Я всегда считал, что героическое у Канта является гуманистической компенсацией разочарования, к которому приводит возвышенное. Оно не обязательно ошибочно, просто разочаровывающе. Должен ли человек покорять мир, в который он заброшен, даже в тот момент, когда он ошеломлен и осознал свою ничтожность? Должен ли провал автоматически превращаться в успех? В этой дилемме, на которую указывает Кант, скрывается хитрость: человек изначально определен своими пределами и мыслит поверх этих пределов. Возможно, именно по этой причине Кант облек возвышенное в двусмысленные, противоречивые термины: «приятный трепет», или, иначе, «некоторое успокоение, смешанное со страхом»[188].

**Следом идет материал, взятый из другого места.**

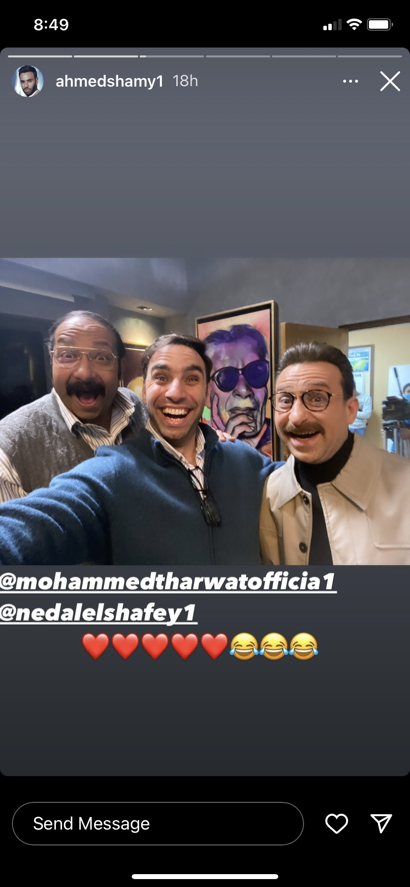 و ظهر أحمد الشامي في الصورة و هو يستعيد كواليس مسلسل دايما عامر مع نضال الشافعي و محمد ثروت مما اثار اعجاب متابعيه .
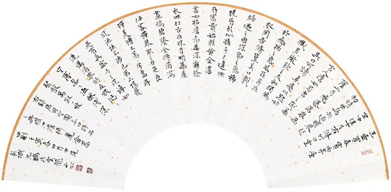扇子是歷史的產(chǎn)物,扇子不僅僅能驅(qū)暑納涼,在中國(guó)的文化史、藝術(shù)史上同樣占有重要一席。扇執(zhí)于手中,是國(guó)人的傳承,更是文化,她來(lái)源于東方,承載著幾千年的藝術(shù)與文明,在中國(guó)一經(jīng)出現(xiàn),便與書(shū)畫(huà)結(jié)下了不解之緣,扇面便成為了中國(guó)書(shū)畫(huà)創(chuàng)作的一種特有的形制,成為專(zhuān)門(mén)的藝術(shù)品種,從而躋身藝術(shù)殿堂。書(shū)畫(huà)家們用這種載體天馬行空,寄托性情,作為東方文人騷客的袖間雅物,國(guó)人至今追捧和喜愛(ài)折扇,實(shí)質(zhì)是文化的賡續(xù)與傳承!渡茸佑酗L(fēng)——七子折扇書(shū)畫(huà)展》的初衷即緣于此。

Эти двусмысленные аффекты предполагают, что возвышенное связано с определенными видами религиозного опыта. Без сомнения, именно поэтому богослов Рудольф Отто использует латинскую фразу mysterium tremendum для описания того, что он называет «священным». Но для Отто священное не имеет ничего общего с моральными и религиозными коннотациями, которые часть связывают с этим понятием. Священное не является благим и никогда не является благим «для нас» как человеческих существ. Главное здесь то, что Отто называет «чувством твари», которое сродни описанию Кантом возвышенного, делающего человека ничтожным. Будучи ничтожным на фоне того, что обширнее и степеннее целых империй, человек способен зафиксировать лишь негативное осознание, и, согласно Отто, именно это находится в сердцевине всех религиозных феноменов: «Действительно „таинственный“ предмет является непостижимым не только потому, что познание этого предмета сопряжено с некими неустранимыми преградами, но потому, что я сталкиваюсь здесь с чем-то вообще „совершенно иным“, что по своему роду и Сущности несоизмеримо со мною — поэтому я и останавливаюсь перед ним в немом изумлении»[189]. Отто использует термин «нуминозный» для описания этого тёмного, чрезмерного, не-человеческого аспекта священного, переживания «совершенно иного», которое можно описать только как негативный опыт.